Introduction

Endovascular treatment therapy (EVT) has been increasing due to an aging society and improved diagnosis of peripheral vascular disease [13]. While manual compression has historically been regarded as the “gold standard” for the achievement of vascular closure after femoral artery puncture, it requires immobilization for up to 6–8 h after the procedure and is often associated with patient discomfort.

In recently, some studies shows that ultrasound guidance access reduces access site-related complication of the femoral artery puncture when compared to traditional palpation and fluoroscopy guided puncture [4, 5]. Appropriate puncture location decrease bleeding complication which has been associated with decrease morbidity, mortality and health care cost.
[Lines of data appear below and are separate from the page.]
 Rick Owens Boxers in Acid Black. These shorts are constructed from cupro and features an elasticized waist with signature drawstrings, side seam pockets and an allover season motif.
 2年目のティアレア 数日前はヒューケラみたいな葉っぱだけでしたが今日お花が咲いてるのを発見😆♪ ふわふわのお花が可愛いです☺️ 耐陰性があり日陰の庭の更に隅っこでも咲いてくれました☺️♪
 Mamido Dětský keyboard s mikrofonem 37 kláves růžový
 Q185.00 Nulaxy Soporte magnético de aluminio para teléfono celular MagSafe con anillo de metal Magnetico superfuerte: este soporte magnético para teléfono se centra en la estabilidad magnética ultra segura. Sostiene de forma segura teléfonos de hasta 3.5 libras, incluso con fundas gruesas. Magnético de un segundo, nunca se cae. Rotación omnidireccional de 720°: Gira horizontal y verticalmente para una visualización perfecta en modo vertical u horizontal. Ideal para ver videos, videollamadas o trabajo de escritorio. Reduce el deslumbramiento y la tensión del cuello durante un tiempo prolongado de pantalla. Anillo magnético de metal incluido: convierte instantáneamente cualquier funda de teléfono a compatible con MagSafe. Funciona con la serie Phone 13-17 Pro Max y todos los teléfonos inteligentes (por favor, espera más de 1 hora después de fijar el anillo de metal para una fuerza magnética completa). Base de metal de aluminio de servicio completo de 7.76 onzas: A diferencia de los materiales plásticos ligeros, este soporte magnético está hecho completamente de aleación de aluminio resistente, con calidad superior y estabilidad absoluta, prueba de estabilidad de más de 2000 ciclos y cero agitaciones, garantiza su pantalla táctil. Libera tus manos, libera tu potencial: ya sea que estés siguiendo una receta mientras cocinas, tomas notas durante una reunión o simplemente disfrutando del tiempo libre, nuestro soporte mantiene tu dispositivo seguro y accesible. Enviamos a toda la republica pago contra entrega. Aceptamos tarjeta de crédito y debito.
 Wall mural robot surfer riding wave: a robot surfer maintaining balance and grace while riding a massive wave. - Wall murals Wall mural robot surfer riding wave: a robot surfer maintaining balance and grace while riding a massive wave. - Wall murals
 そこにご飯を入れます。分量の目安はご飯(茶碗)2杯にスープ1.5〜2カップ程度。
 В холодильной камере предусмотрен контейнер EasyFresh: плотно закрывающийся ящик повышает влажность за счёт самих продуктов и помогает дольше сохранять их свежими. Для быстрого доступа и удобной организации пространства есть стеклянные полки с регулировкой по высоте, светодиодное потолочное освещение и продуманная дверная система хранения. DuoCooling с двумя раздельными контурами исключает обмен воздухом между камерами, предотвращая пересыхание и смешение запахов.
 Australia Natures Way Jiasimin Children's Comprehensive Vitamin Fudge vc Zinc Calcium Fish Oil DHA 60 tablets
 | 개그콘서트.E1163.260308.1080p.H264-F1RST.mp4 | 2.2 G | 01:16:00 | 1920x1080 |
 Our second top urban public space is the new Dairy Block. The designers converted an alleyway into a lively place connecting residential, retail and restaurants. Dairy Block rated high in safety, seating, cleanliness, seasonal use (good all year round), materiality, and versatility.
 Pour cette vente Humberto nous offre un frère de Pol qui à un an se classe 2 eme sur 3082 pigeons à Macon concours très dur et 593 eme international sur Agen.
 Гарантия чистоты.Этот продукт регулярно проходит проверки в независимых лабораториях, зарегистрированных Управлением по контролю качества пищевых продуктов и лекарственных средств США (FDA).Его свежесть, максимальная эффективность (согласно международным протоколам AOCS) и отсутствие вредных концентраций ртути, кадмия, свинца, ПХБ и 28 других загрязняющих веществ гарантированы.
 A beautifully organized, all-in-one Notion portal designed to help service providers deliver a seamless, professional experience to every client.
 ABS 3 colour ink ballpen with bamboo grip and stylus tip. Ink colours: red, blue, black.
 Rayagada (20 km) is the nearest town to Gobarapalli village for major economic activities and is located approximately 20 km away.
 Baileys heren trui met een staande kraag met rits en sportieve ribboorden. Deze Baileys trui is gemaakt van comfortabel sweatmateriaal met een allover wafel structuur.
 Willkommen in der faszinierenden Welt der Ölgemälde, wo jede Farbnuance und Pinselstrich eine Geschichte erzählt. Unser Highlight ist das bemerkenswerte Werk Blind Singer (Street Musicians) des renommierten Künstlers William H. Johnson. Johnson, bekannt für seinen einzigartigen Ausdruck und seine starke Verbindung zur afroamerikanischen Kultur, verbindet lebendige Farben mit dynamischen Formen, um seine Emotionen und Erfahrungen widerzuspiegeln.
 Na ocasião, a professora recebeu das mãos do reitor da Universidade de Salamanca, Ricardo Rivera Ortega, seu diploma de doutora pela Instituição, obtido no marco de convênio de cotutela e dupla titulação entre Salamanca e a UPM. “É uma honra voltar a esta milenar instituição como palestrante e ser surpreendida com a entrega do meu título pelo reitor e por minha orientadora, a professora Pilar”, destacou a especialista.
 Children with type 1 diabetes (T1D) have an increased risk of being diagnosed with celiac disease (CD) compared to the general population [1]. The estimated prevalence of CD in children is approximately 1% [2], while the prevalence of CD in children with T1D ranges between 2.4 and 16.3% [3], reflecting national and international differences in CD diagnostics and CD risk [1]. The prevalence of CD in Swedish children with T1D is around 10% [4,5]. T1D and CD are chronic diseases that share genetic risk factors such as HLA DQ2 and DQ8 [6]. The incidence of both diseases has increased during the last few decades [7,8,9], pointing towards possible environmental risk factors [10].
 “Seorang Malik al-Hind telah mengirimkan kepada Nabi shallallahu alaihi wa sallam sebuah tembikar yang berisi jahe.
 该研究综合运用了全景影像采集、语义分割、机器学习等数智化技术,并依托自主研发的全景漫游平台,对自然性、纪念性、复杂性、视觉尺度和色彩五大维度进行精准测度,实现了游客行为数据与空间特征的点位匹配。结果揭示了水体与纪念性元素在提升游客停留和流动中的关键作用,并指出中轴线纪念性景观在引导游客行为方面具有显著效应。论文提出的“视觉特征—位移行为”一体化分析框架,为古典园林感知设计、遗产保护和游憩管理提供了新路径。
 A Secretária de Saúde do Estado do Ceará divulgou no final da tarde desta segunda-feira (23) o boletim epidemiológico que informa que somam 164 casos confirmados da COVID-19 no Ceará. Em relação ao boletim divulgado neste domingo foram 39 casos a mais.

In addition, the use of novel arterial closure devices after femoral artery access is exceedingly common due to reduced time to hemostasis, decreased patient discomfort, earlier mobilization, and shortened hospital stays [6, 7]. Vascular closure devices (VCDs) are commonly used after coronary, cerebrovascular, and peripheral arterial interventions [8], and various types of VCDs are available for management of the access site after these procedures [911].

In 2009, the ECLIPSE trial demonstrated the safety of the EXOSEAL VCD and its greater effectiveness than manual compression [12]. On the other hand, PROGLIDE is a suture-mediated closure device that utilizes a single monofilament polypropylene suture [13]. Otherwise, exclusion criteria for these trials were severe calcification, hemodialysis, and symptomatic leg ischemia in the target vessel limb. VCDs were applied also in EVT. To the best of our knowledge, no other study has evaluated the VCDs and ultrasound guidance access specifically for EVT. The aim of this study was to assess safety and effectiveness of the EXOSEAL and PROGLIDE VCDs in achieving hemostasis after ultrasound guidance femoral artery access EVT in daily clinical practice.

Methods

Study design and patients

This study was a single-center, non-randomized clinical investigation. Between April 2013 and December 2014, we enrolled 513 consecutive cases (571 procedures) scheduled to undergo EVT for symptomatic peripheral arterial disease with a 6Fr sheath via a common femoral artery puncture. All cases were performed by routine use of ultrasound-guided access. These included 376 males (73.5 %), and the mean age (±standard deviation) was 71.9 ± 9.5 years. Indications for EVT included aortoiliac occlusive disease (AI) and superficial femoral artery (SFA) disease. Diagnostic procedures including below the knee arteries intervention and intervention with less than 6Fr were excluded for VCD use. Also, the femoral artery after a surgically sutured groin was excluded. Symptoms were classified based on the Rutherford category classifications [14], and all patients were in categories 2–5. The study was conducted by the Declaration of Helsinki, and all patients gave their written informed consent before enrollment.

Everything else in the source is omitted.